By-elections for all three elected seats in the Legislative Council were held in Papua and New Guinea on 12 September 1959. The incumbent MLCs had resigned due to the imposition of income tax in the territory by the Australian government. All three seats were won by candidates supported by the Taxpayers' Association (which opposed the new tax). The three new MLCs all resigned by 1 October.

==Background==
On 22 June 1959 the three elected members of the Legislative Council – Ian Downs, Ernest James and Dudley Jones – resigned from the Council, issuing a joint statement saying that the income tax legislation had been introduced without an inquiry they had demanded, that the public did not have adequate representation on the Council and that the proposed legislation was too complicated and contained several anomalies. The three also stated that they would not run for re-election unless the council was made more representative.

==Campaign==
Despite threats to boycott the elections, by the time nominations closed on 4 August, both the New Guinea Islands and Papua constituencies had two candidates, and only the New Guinea Mainland constituency had no nominations, although Sydney Barker's nomination for the seat arrived four minutes late. When nominations re-opened on 1 September, Barker submitted his application and became the sole contestant.

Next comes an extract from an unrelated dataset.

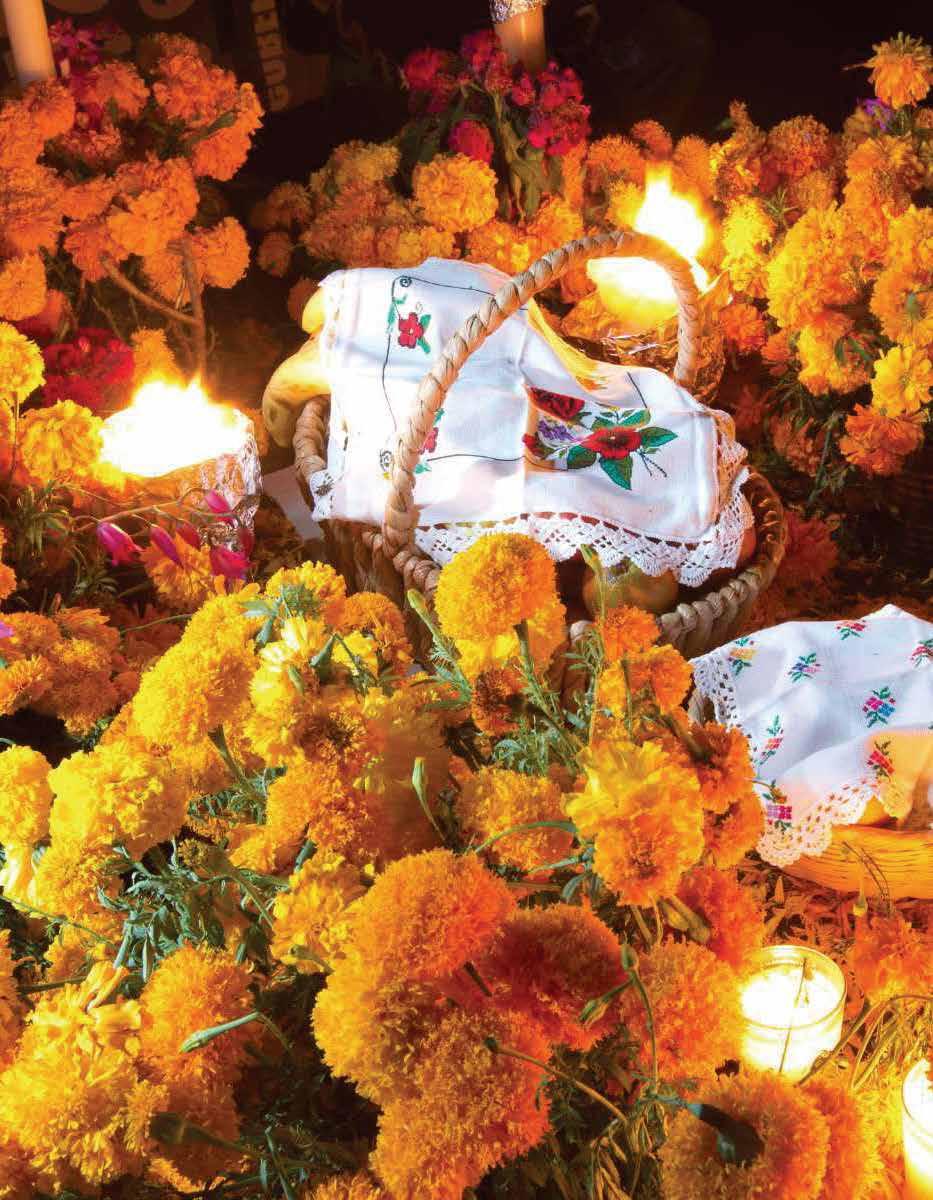 Central to the Day of the Dead is the belief that, once a year, the departed souls of loved ones return to the world of the living for a reunion with their families. These souls, whether they be the spirits of honored ancestors or beloved pets, are welcomed back with offerings of their favorite foods, drinks and mementos from their lives. Families construct ofrendas, or altars, decorated with candles, photographs and colorful papel picado — ornate paper cut-outs that flutter in the breeze. With its bright orange petals, the marigold, or cempasúchil, is everywhere, its sweet fragrance serving as a guide to draw the spirits home.

New Guinea Islands was contested by John Chipper, a contractor in Rabaul, and William Thomas, a planter in Kokopo. Papua was contested by Stephenson Fox, an accountant, and Vincent Sanders, a contractor. Chipper and Sanders were both backed by the Taxpayers' Association and pledged to resign if requested. Barker also pledged to resign if required.

==Results==

| Constituency | Candidate | Party | Votes | % | Notes |
| New Guinea Islands | John Chipper | Taxpayers' Association | 367 | 87.2 | Elected |
| William Thomas | Independent | 54 | 12.8 |  |
| New Guinea Mainland | Sydney Barker | Taxpayers' Association | Unopposed |  | Elected |
| Papua | Vincent Sanders | Taxpayers' Association | 394 | 65.8 | Elected |
| Stephenson Fox | Independent | 205 | 34.2 |  |
| Total |  |  | 1,020 | 100 |  |
Source: Pacific Islands Monthly

==Aftermath==
All three elected members resigned shortly after the elections; Chipper and Sanders resigned on 29 September and Barker two days later.